His laughter dies. “Nine of the twelve of us died that day, but we killed every one of them to the man. We surprised them completely. We waited until they lined up just a few hundred feet in front of us to prepare a charge. Then we snuck up on them and sprayed them with dragonfire.”
It almost seems like he’s developed soft wrinkles in his face, like the years have finally caught up with him. The mask he wears around everyone seems to be cracking just a little. “This was before we could use the Mark of the Phoenix so indiscriminately. We each had a single use of it. Chains and the Cloak helped us gain a bit more of an advantage, but those Stormbringers aren’t like mages. They know how to use spear and sword as well as any Priest. It was a hard fight, but in the end, we won.”
Those first few years must have been hard. “I…” I hesitate, and his eyes darken. “I spoke to Azric Cyrus, Father.”

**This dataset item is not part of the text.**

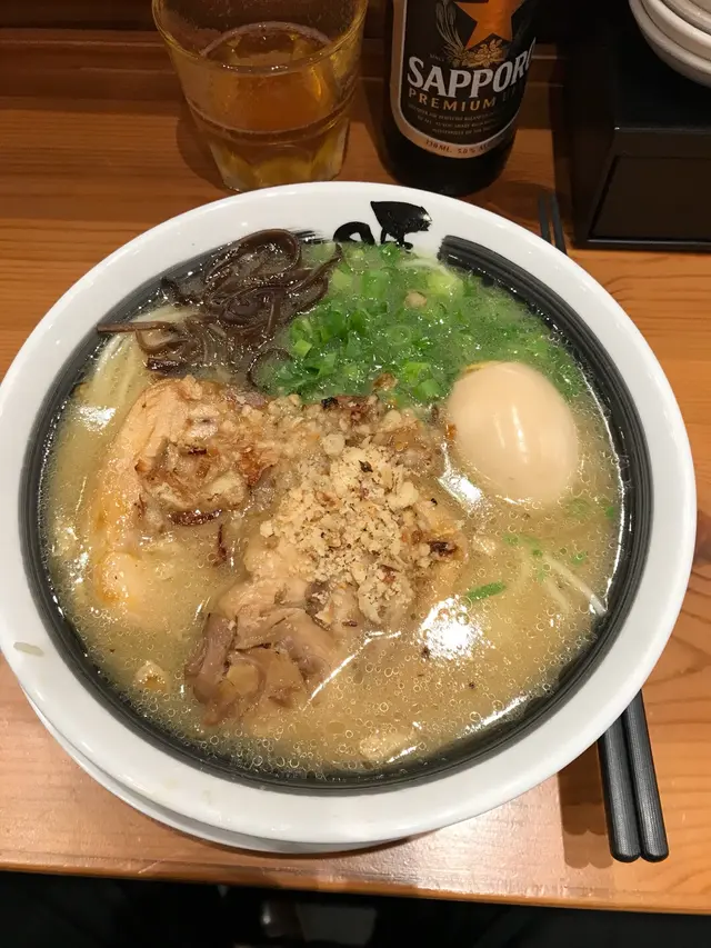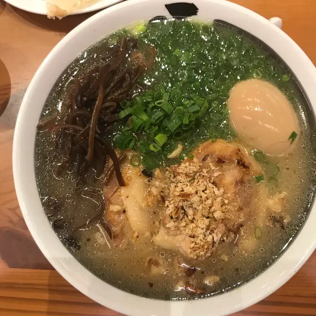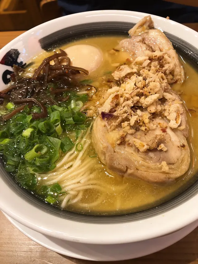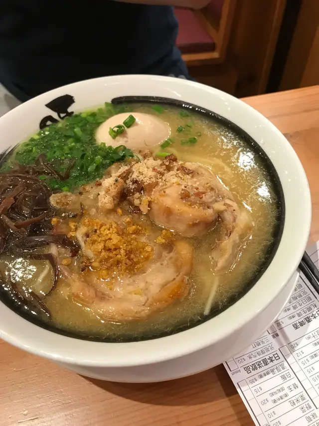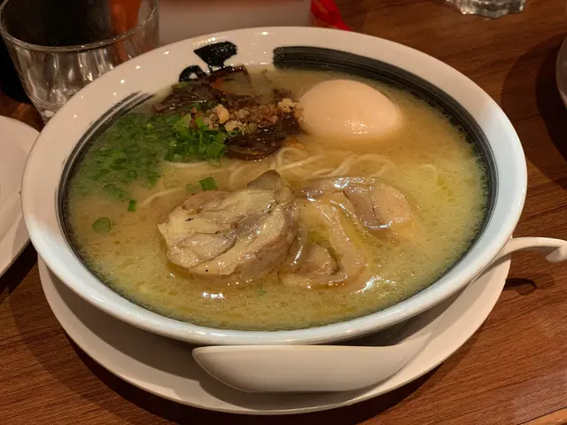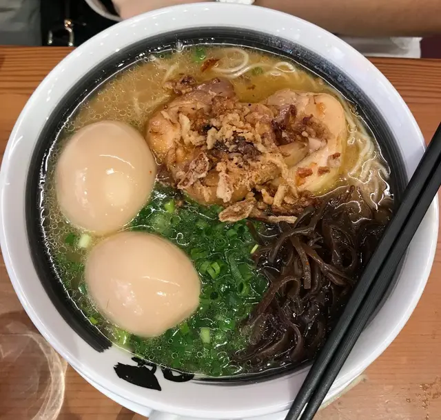 係銅鑼灣附近食lunch既人 (包括我自己在內), 一定有聽過呢間黎自日本廣島的過江龍「霸嗎拉麵」! 不過平時既午市真係太多人排隊, 黎遠都見到長長既人龍, 所以一直都未有機會試到。難得今日放工約左朋友shopping, 行到肚餓之後去覓食, 竟然無人排隊, 直接入得, 正🤩 同大部分拉麵店一樣, 麵質、湯底油度可以自由選擇, 我地一行三人叫左3個拉麵同埋2碟小食。因為餐廳本來已有檸檬水🍋💧提供, 所以無另外再叫餐飲。店裡燈光偏黃, 木系既佈置裝修加埋廚房窗口既紅色旗幟好有日本風格。餐廳善用高樓底既好處, 將天花改成斜面, 再鋪上長竹, 令成個設計更特別之餘, 又唔會令成個空間產生壓迫感。枱面上面有調味料 (一味粉, 蒜粉同餃子汁), 醬油碟, 筷子, 紙巾等用具, 因為長枱既設計係三人共用兩Set工具, 所以每個客人都一定接觸到, 比起其他拉麵店要兩人共用一套工具, 呢度已經好得多。等緊上菜既期間, 見到最面頭既白色小碟係用保鮮紙包住, 仲有字寫住叫大家拎下面既碟用, 令人感覺比較衛生同貼心。特盛炙燒豚肉拉麵 ($118)炙燒豚肉味玉拉麵 ($88)特盛既意思即係多D叉燒, 而味玉即係溏心蛋🥚。上面兩款拉麵味道相差唔大, 主要係配料不同, 所以一齊寫。當你食第一啖炙燒豚肉既時候, 你就會明白點解佢會成為招牌菜! 雖然佢超級厚身超大塊, 但肉質軟嫩😋。炙燒過的豚肉有微微的烤肉香, 仲非常香口! 唔係平時食果D好薄身既叉燒。而就係因為佢咁大舊, 而且油脂分佈平均同埋肥瘦適中, 咬落去唔會肥膩。至於味玉方面, 一開頭見到原隻上都有少少擔心隻蛋會唔會因為放係熱湯入面太耐而熟哂, 點知篤開之後好驚喜! 蛋黃漿湧住出黎, 流心效果非常好! 湯底飲得出係用心製作, 非常濃厚同埋具有鹹香, 飲左一啖就停唔到。拉麵既麵條比一般既麵粗少少, 幾掛汁。雞叉燒味玉雞白湯拉麵 ($88)叉燒拉麵就食得多, 雞叉燒真係第一次試🙊。一碗拉麵有兩大件厚而扎實的雞件,外形扁身呈圓型, 咬落去好嫩滑。湯底充滿住濃厚既雞味 (可能加左少少雞油?!), 同豚肉拉麵一樣, 麵身好掛汁, 同埋雞湯一齊食, 雖然質感無豬骨湯咁厚身 (相對清少少), 但仍然濃郁。唐揚炸雞 5件 ($35)上枱時, 每件炸雞都熱到出煙, 應該係岩岩炸起! 每件炸雞都好大舊, 外皮炸到香脆熱辣, 正! 食之前落左少少檸檬汁, 酸酸地, 解膩一流。咬落去炸雞度就會發現雞肉雖然炸左, 但係仍然非常嫩滑, 有肉汁! 好好食!羽根燒餃子5件 (使用app優惠 +$15)因為發現左原來下載左個app, 登記左之後就會有一張優惠卷可以即時使用。$15就可以食到原價$35的餃子, 好抵食! 呢個餃子做法好正宗, 餃子底部向天, 5隻餃子由一層薄薄的脆皮連接住, 唔同其他拉麵店咁樣, 一隻隻獨立分開。唔太肯定係唔係即叫即煎, 因為上枱時的餃子唔算超級熱, 所以外皮只係略脆。入面既肉咬落去有肉汁, 沾埋酸酸甜甜的餃子汁, 唔錯。…查看更多

Suddenly, the carefree feeling of an old soldier is gone, and Rhaskar Thorne stands up, raw intensity in his eyes. “And?”
“He wants me to win the trials because he thinks that people from Sylvantia can kill Godforged soldiers permanently.”

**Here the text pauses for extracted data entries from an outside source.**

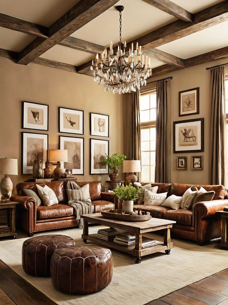 Rustic Kitchen: Create a warm and inviting atmosphere with a rustic kitchen design. Choose natural elements like reclaimed wood and stone for the flooring and countertops, complemented by vintage-inspired lighting fixtures. Add a touch of elegance with a farmhouse sink and open shelving to showcase your collection of antique dishes and cookware.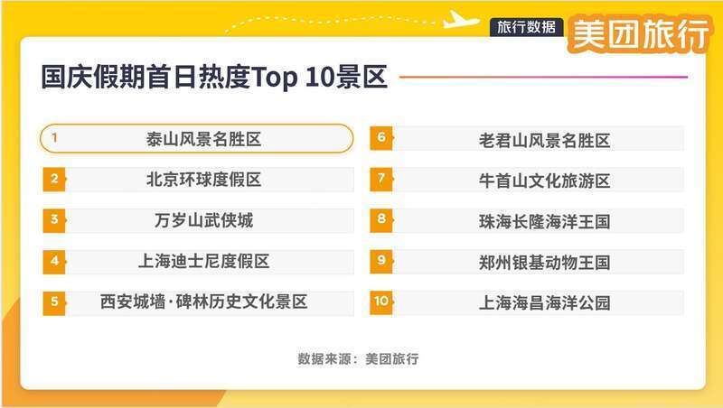 中国青年报客户端北京10月2日电(中青报·中青网记者 张均斌)今天,美团旅行发布相关数据显示,国庆首日多地景区门票售罄,出现“人从众”的热闹景象。热度Top10的景区分别为:泰山风景名胜区、北京环球度假区、万岁山武侠城、上海迪士尼度假区、西安城墙·碑林历史文化景区、老君山风景名胜区、牛首山文化旅游区、珠海长隆海洋王国、郑州银基动物王国、上海海昌海洋公园。
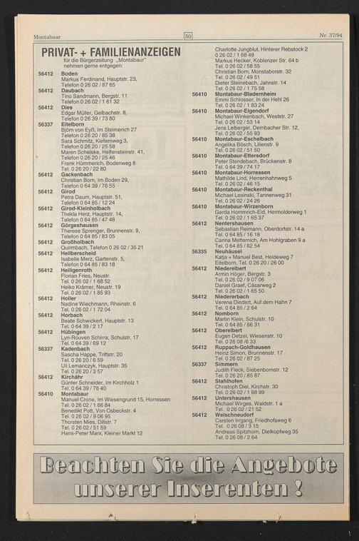 für die Bürgerzeitung „Montabaur” nehmen gerne entgegen: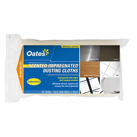 Oates Dust Cloth Impregnated 25/PK 165407 is a disposable dusting cloth designed to effectively capture and hold dust on surfaces.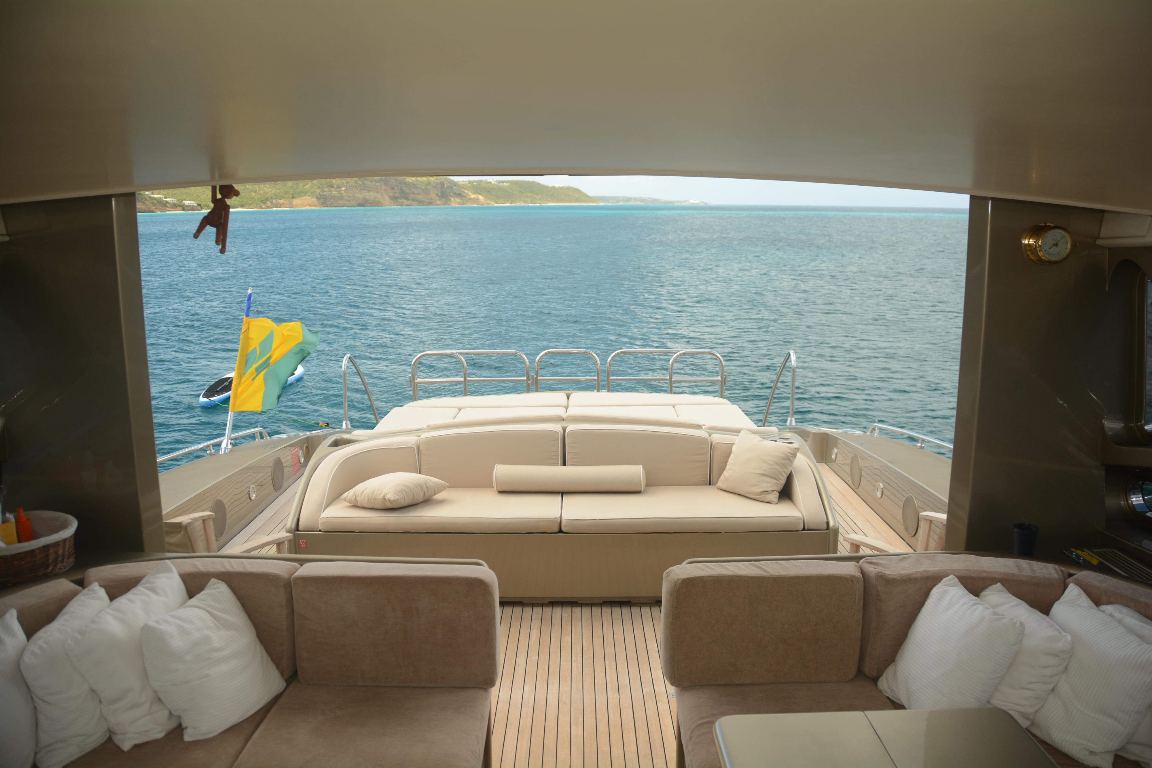 The aft deck offers a large sunbed and seating area, which easily transforms into an alfresco dining table. Dual transom steps lead to the swim platform, where guests can effortlessly enjoy the vast assortment of water toys on offer.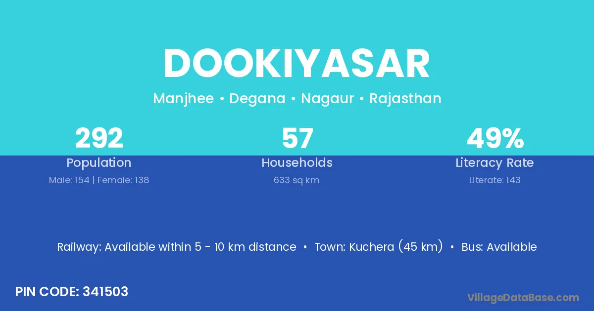 Dookiyasar village has a total population of 292 people, of which 154 are males and 138 are females.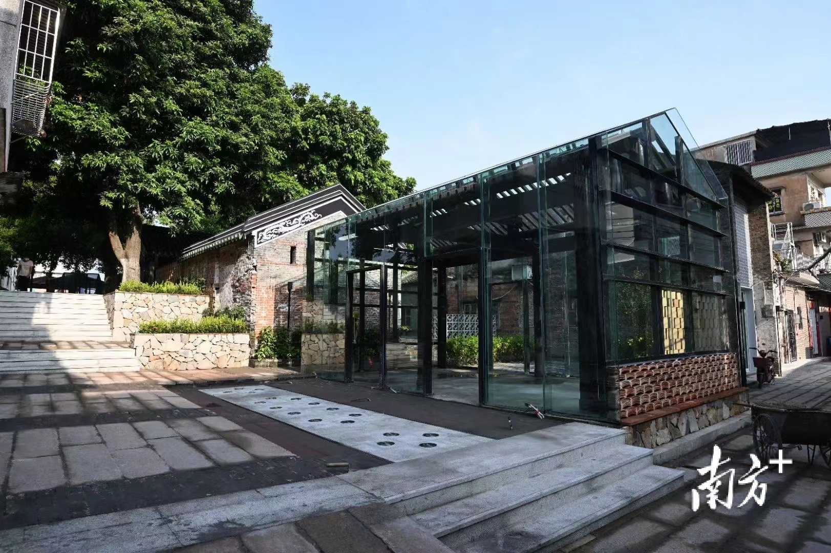 为最大程度复原叠滘圩的百年风貌,该项目在施工选材方面也下足了功夫,如老街重铺了石板路,并对石板进行打磨复旧处理,游客中心也采用了汉白玉石堆砌等。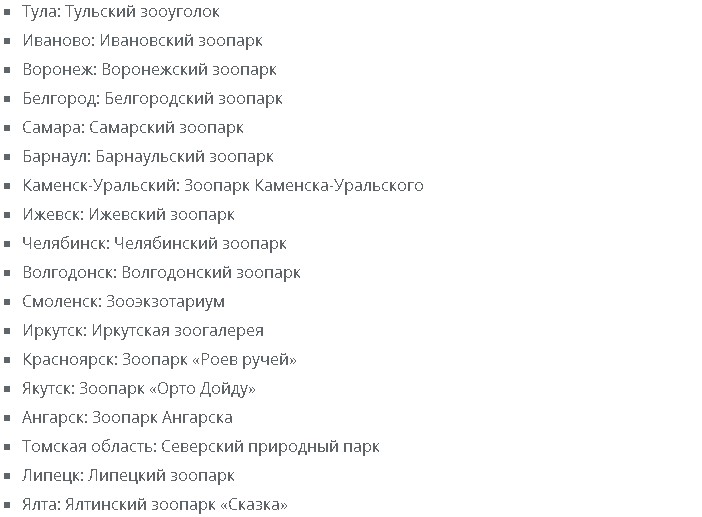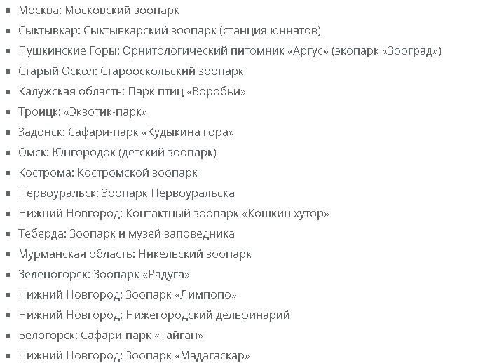 Вряд ли найдется человек, который, хоть раз в жизни не был в зоопарке. Сегодня мы расскажем о зоопарках нашей страны и о том, какие животные в них содержатся.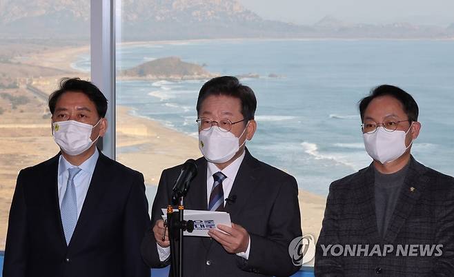 (고성=연합뉴스) 백승렬 기자 = 더불어민주당 이재명 대선후보가 16일 강원도 고성군 통일전망대를 방문, 평화경제정책을 발표하고 있다. 2022.1.16

The wrinkles next to his eyes crinkle just a little as he listens, but nothing else changes. “Why does that interest him?”
“Because he says he wants to end the war, and this will be the way he accomplishes it.”

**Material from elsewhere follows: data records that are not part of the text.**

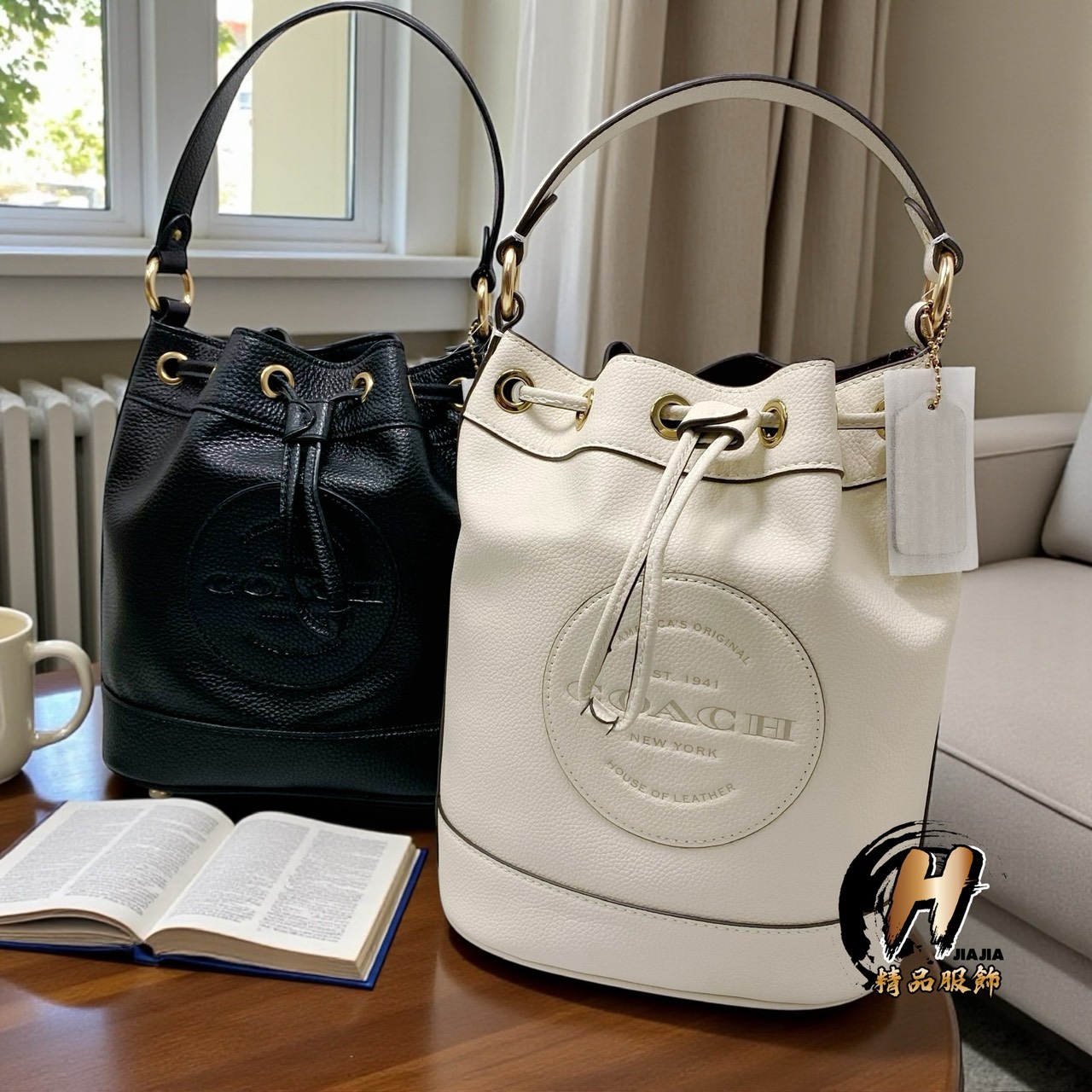 COACH 新款Dempsey 22 經典素面荔枝紋 牛皮 抽繩 水桶包 單肩斜背包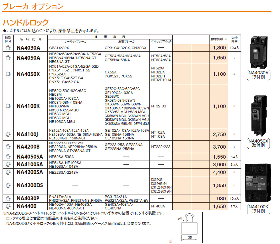 NA4030PS ブレーカオプション ハンドルロック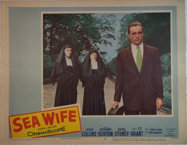 Sea Wife (Alma Productions, 1957) lobby card. Drama, Thriller, Adventure, War. Starring Joan Collins, Richard Burton, Basil Sydney, Cy Grant, Ronald Squire, Harold Goodwin, Roddy Hughes, Gibb McLaughlin, Lloyd Lamble, Ronald Adam, Nicholas Hannen, Otokichi Ikeda, Tenji Takagi, Beatrice Varley. Directed by Bob McNaught. Very minor edge wear, very minor creases, small tear. Very Fine. (11"x14").

My father turns to look at the Midnight Bridge. “He’s dangerous, Fiona. I’ve realized I cannot tell you what to do anymore. I am not at your side, and I cannot help you make the decisions you’ll have to make. The best I can do is offer some advice. You are stronger than you think you are. I do not believe that you need anyone else’s help to win these trials. You may need help to survive the time between because you can’t fight everyone else in that castle with the resources at your disposal. In the trials, though, I think you have what it takes to win against any of them.”
He turns back and looks at me. “You are special, Daughter of my Soul. I would beware any help you receive from Azric Cyrus. I hate the fact you are so bound to that imbecile Darian Emlyn, but it is what it is. They have found you a hiding place, and they most likely ask little from you. But the Prince of Bones will not give help without expecting something in return.”
I nod to him. My father, more than anyone else in the entire world, is someone that I trust so completely that I don’t even think to question him. He raised me after my parents died. He built the Order that’s saved an entire kingdom and has given me the ability to survive this terrible world.
If he tells me to beware of any help from the most dangerous champion in Nyth, then it feels obvious I should heed that warning.
He takes a deep breath and lets it out. “Well, I guess that’s that. Cedric and I have been watching you through the Eye. We can’t watch all the time, but Ainslee’s been keeping us informed about things. I saw you fight the skryths, Fiona. You did well, better than I’d expect most Priests to do when facing something like them with no experience. We were thinking…”
Normally, I’d be leaping with joy at his praise, but something overshadows those emotions. It was a question I’d been too scared to ask. I’d felt confident Nyxthos couldn’t have caught them and brought them to the Shadow Road, but the possibility was there. If my father thought they were missing, it’d mean I’d killed them. I couldn’t feel those feelings right now. I couldn’t go to the next trial with their deaths on my hands. It was better to wonder than to know for sure. But if my Father had been watching the trial with Cedric, then they can’t be dead. I ask the question that’s terrified me. “Cedric and Bram are alive, aren’t they?”
He frowns at me. “Of course they’re alive. Why would you think they weren’t?”